By using a switch, depending on how intelligent yoru compiler is, it may generate faster, more efficent, and more compact code.
The switch statment, as
Untergeek pointed out will translate into a jump table. While the use of GOTOs and Jumps in upper level languages has been banned and alienated since as early as 1968 (Dijkstra, so says
phraggle), you can use a switch statment to safely take advantage of the power that jumps give.
For conditional pattern matching where there are no recognizable patterns (and usually when there are), a jump pattern will do it in
O(1), while a long string of
else if()s will do it in
O(n).
The following code executes some function based on what a is.
if(a == 1) function1();
else if(a == 2) function2();
else if(a == 3) function3();
else if(a == 4 || a == 5) {
if(a == 4) function4();
function4or5();
}
In assembly, this will turn into something that looks like the following.
start: cmp [a],1 ;compare value in a with 1
jne not1 ;if previous compare was not equal,
;then set the IP to not6
...function1()...
jmp fin ;do no more compares
not1: cmp [a],2
jne not2
...function2()...
jmp fin
not2: cmp [a],3
jne not3
...function3()...
jmp fin
not3: cmp [a],4
jne not4
...function4()...
not4: cmp [a],5
jne fin
...function4or5()...
fin:
Probably more code than necessary, but I'm trying to prove a point. Also, above, note that in the worst case,
if a were 5, and we'd have to do a default procedure, then we would have to do a comparison 5 times... if we would have 100 functions, we'd need 100 comparisons before we'd know to use the default procedure. This code has is
O(n).
Now take the following switch statement:
switch(a) {
case 1:
function1();
break;
case 2:
function2();
break;
case 3:
function3();
break;
case 4:
function4();
//falls through!
case 5:
function4or5();
}
In
C or
Java, the two chunks of code would look equivalent, but (assuming you have a dumb compiler) this could turn
into assembly like the following. If you don't get this at first,
see me after class.
jumptable dw func1,func2,func3,func4,func5
; jumptable area in data segment will be
; the beginning of 10 bytes. depending on your
; architecture, these may be in big endian.
; they reference offsets into the code segment
; where the 'goto' labels are below
mov ax,[a] ; ax = a ....... ax = 1 to 4 (hopefully)
dec ax ; ax-- ....... ax = 0 to 3
add ax,ax ; ax += ax ....... ax = 0 to 6
jmp [word ptr jumptable+bx]
; jmp effectively sets IP
; to an offset into the code segment
func1:
...function1()...
jmp fin
func2:
...function2()...
jmp fin
func3:
...function3()...
jmp fin
func4:
...function4()...
func5:
...function5()...
fin:
Look anything like your
C-style syntax?

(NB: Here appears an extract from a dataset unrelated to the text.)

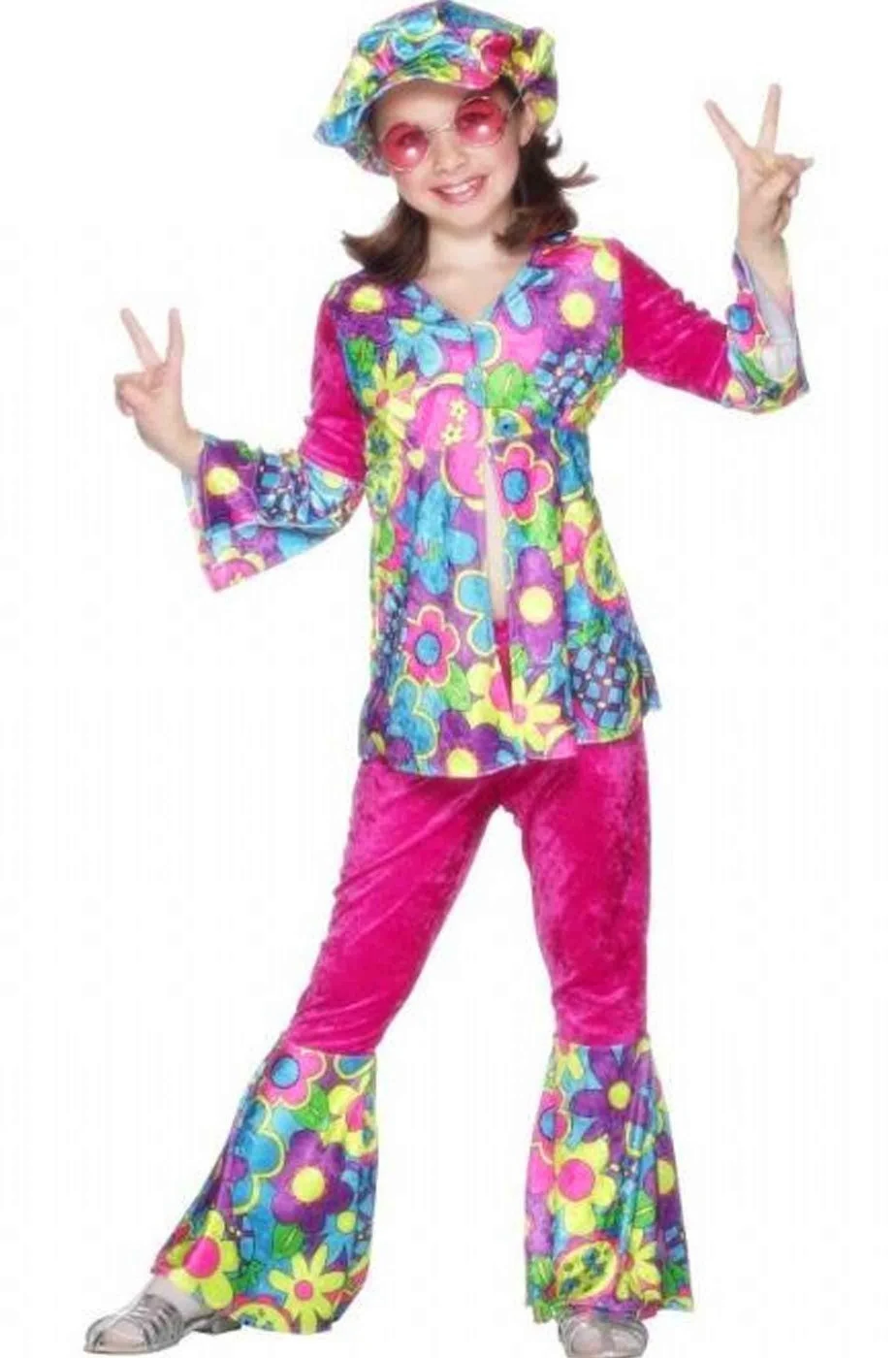 Questo abito di carnevale include il pantalone, la camicia e perfino il simpatico cappello floscio questo costume di carnevale Anni 70 bambina da Figli dei Fiori Flower Power. Un costume dai mille colori per una festa anni 70 hippie style da far indossare alla tua bimba e farle vivere con te gli anni della grande rivoluzione di liberta’ e sogni.

That 'case
x:' syntax in switch statements, still used in a modern language like Java came from somewhere. It wouldn't be entirely too naive to say that 'break' just jumps to the next closing bracket tied to a loop or procedure.

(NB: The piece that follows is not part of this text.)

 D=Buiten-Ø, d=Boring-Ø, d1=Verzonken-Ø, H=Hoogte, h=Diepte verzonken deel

In our worst case above, when we had an efficiency of O(n), when looking at the assembly code generated by the switch statement, no matter what
a is, we only need 4 to execute 4
opcodes before we enter into our function
a(). By
definition, our code is efficient on the order
O(1). So use it whenever you can.
Update: A few have msged me asking to link to
Duff's Device. Crazy stuff.
Update:
ariels and a couple others have pointed out that if the ranges are a lot greater, then translating into a jump table may not be feasable.
YMMV.